* [Dataset content]
****

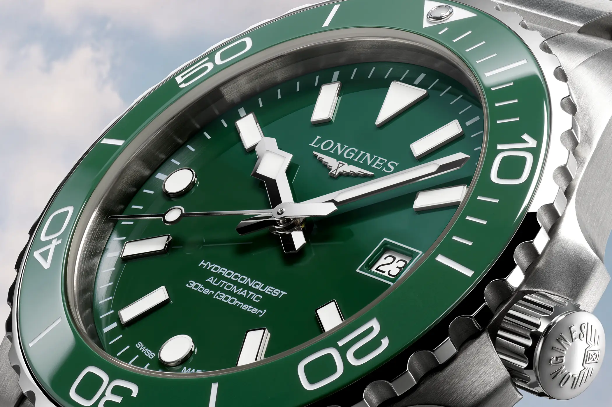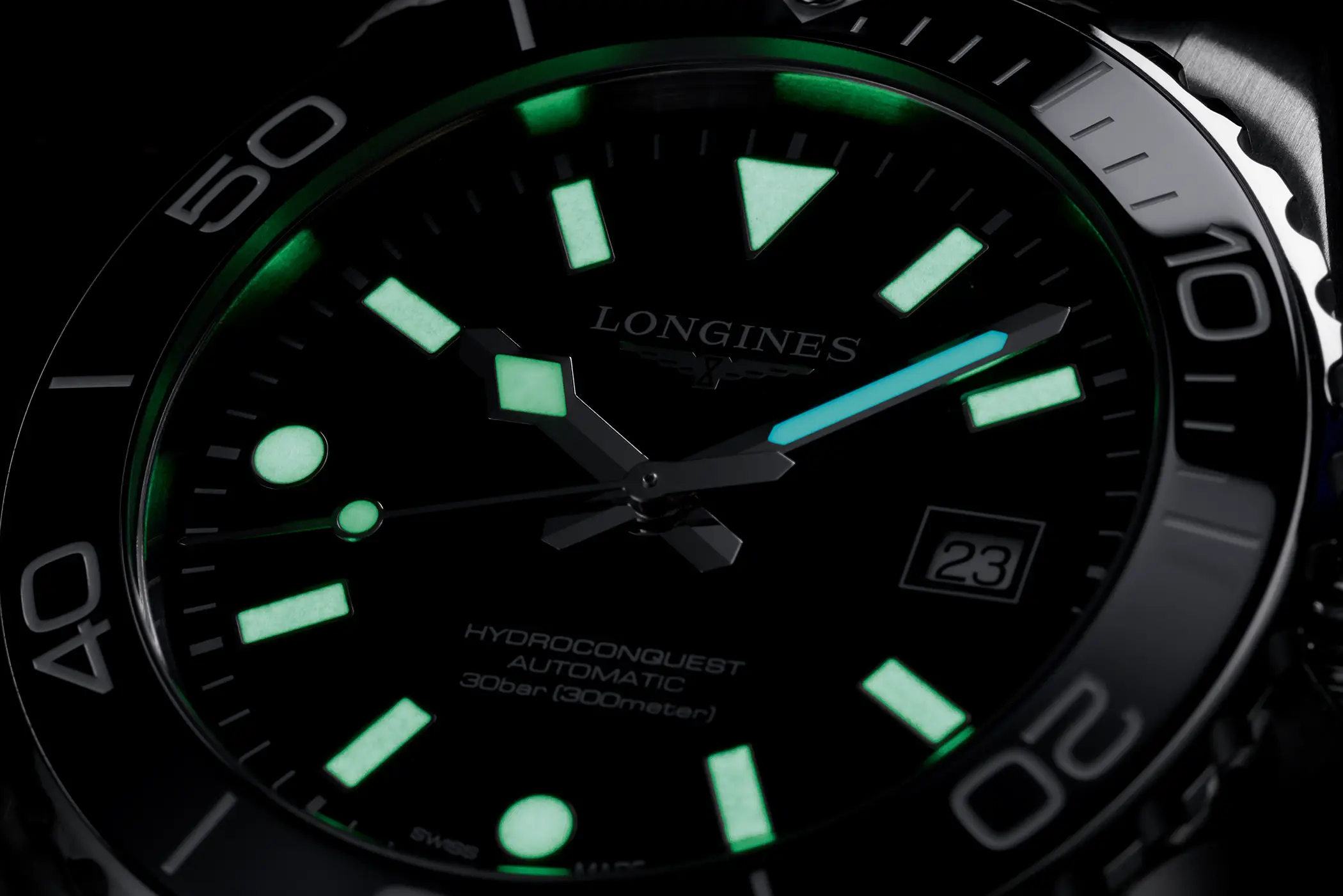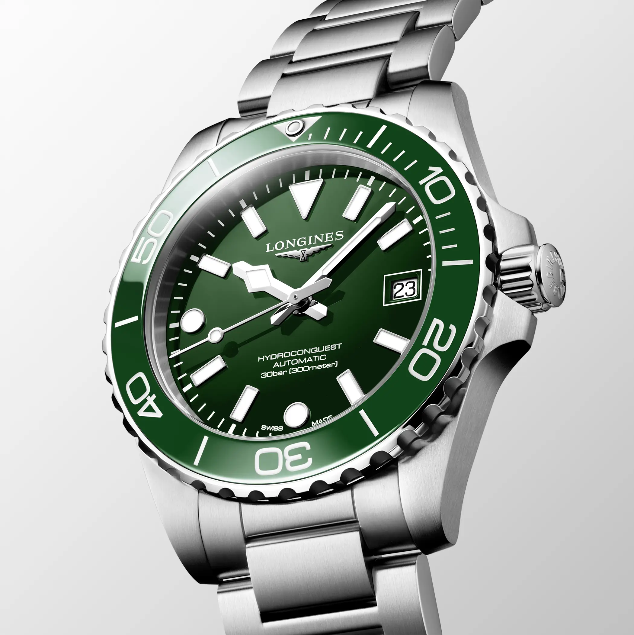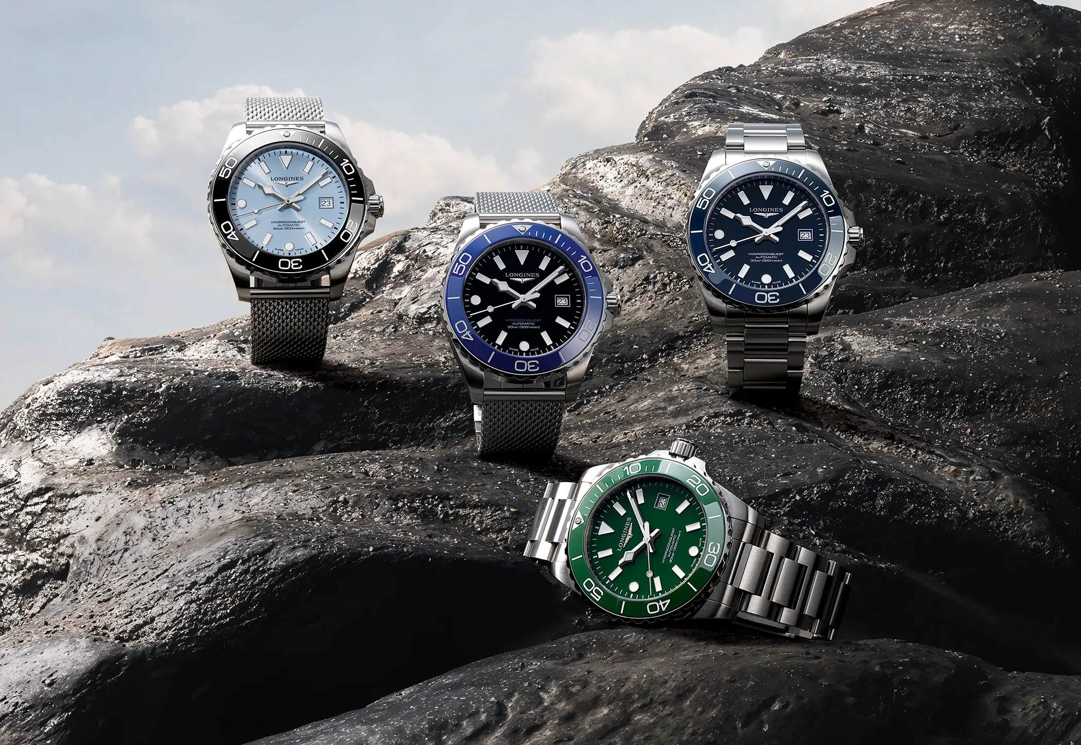 L’Hydroconquest affonda le sue radici nella famiglia Conquest, la prima linea di Longines a ottenere la protezione del marchio in Svizzera nel 1954. Nato come “l’orologio di tutti i giorni”, Conquest divenne ben presto uno standard di riferimento, un segnatempo versatile e affidabile. Nel 2007 debutta Hydroconquest: la volontà di Longines fu quella di proporre una linea sportiva, con un’impermeabilità fino a 300 metri, che ha nell’acqua il suo ambiente naturale, ma che non rinuncia a raffinatezza e sobrietà tipiche della casa svizzera.
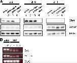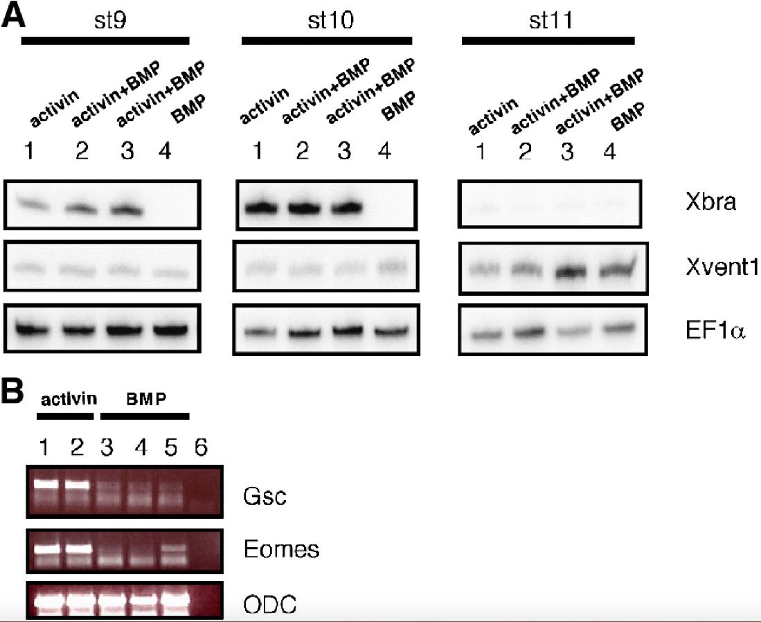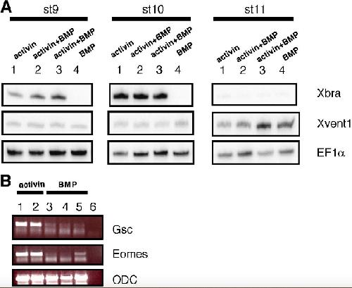 Supplementary Fig. 2. Activin target genes are not activated in the presence of BMP. (A) Xbra expression is absent in BMP-treated cells. Dissociated animal cap cells were treated at stages 9, 10 and 11 with 10 ng/ml activin (lane 1), 10 ng/ml activin + 0.5 μg/ml BMP (lane 2) and 10 ng/ml activin + 2 μg/ml BMP (lane 3) and 2 μg/ml BMP (lane 4) and frozen at stage 12. Xvent1 is used as a positive control after BMP treatment. EF1α is the loading control (B) Gsc and Eomes expression is absent in BMP-treated cells. Dissociated animal cap cells were treated with 10 ng/ml activin at stage 9 (lane 1) and 11 (lane 2), with 2 μg/ml BMP at stage 8 (lane 3), stage 9 (lane 4) and stage 10 (lane 5). Lane 6 is the PCR negative control. ODC is the loading control. |
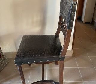 vend un lot de 6 chaises style Henri II en bois et cuir, en bon état.
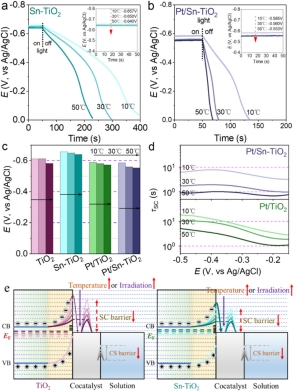 团队采用水热法合成Sn掺杂TiO2光催化剂(Sn/Ti摩尔比0%-5%),并通过光沉积负载Pt助催化剂(图1)。关键创新在于利用开路电位方法(OCP)分析量化SC界面电子转移时间常数(τSC),并结合自行设计的固定床反应器克服短波长光在液相中的穿透性难题。

****

* [What to work on]
Down to the last line, set down the data above exactly, and omit all images.

* [Response]
 L’Hydroconquest affonda le sue radici nella famiglia Conquest, la prima linea di Longines a ottenere la protezione del marchio in Svizzera nel 1954. Nato come “l’orologio di tutti i giorni”, Conquest divenne ben presto uno standard di riferimento, un segnatempo versatile e affidabile. Nel 2007 debutta Hydroconquest: la volontà di Longines fu quella di proporre una linea sportiva, con un’impermeabilità fino a 300 metri, che ha nell’acqua il suo ambiente naturale, ma che non rinuncia a raffinatezza e sobrietà tipiche della casa svizzera.
 Supplementary Fig. 2. Activin target genes are not activated in the presence of BMP. (A) Xbra expression is absent in BMP-treated cells. Dissociated animal cap cells were treated at stages 9, 10 and 11 with 10 ng/ml activin (lane 1), 10 ng/ml activin + 0.5 μg/ml BMP (lane 2) and 10 ng/ml activin + 2 μg/ml BMP (lane 3) and 2 μg/ml BMP (lane 4) and frozen at stage 12. Xvent1 is used as a positive control after BMP treatment. EF1α is the loading control (B) Gsc and Eomes expression is absent in BMP-treated cells. Dissociated animal cap cells were treated with 10 ng/ml activin at stage 9 (lane 1) and 11 (lane 2), with 2 μg/ml BMP at stage 8 (lane 3), stage 9 (lane 4) and stage 10 (lane 5). Lane 6 is the PCR negative control. ODC is the loading control. |
 vend un lot de 6 chaises style Henri II en bois et cuir, en bon état.
 团队采用水热法合成Sn掺杂TiO2光催化剂(Sn/Ti摩尔比0%-5%),并通过光沉积负载Pt助催化剂(图1)。关键创新在于利用开路电位方法(OCP)分析量化SC界面电子转移时间常数(τSC),并结合自行设计的固定床反应器克服短波长光在液相中的穿透性难题。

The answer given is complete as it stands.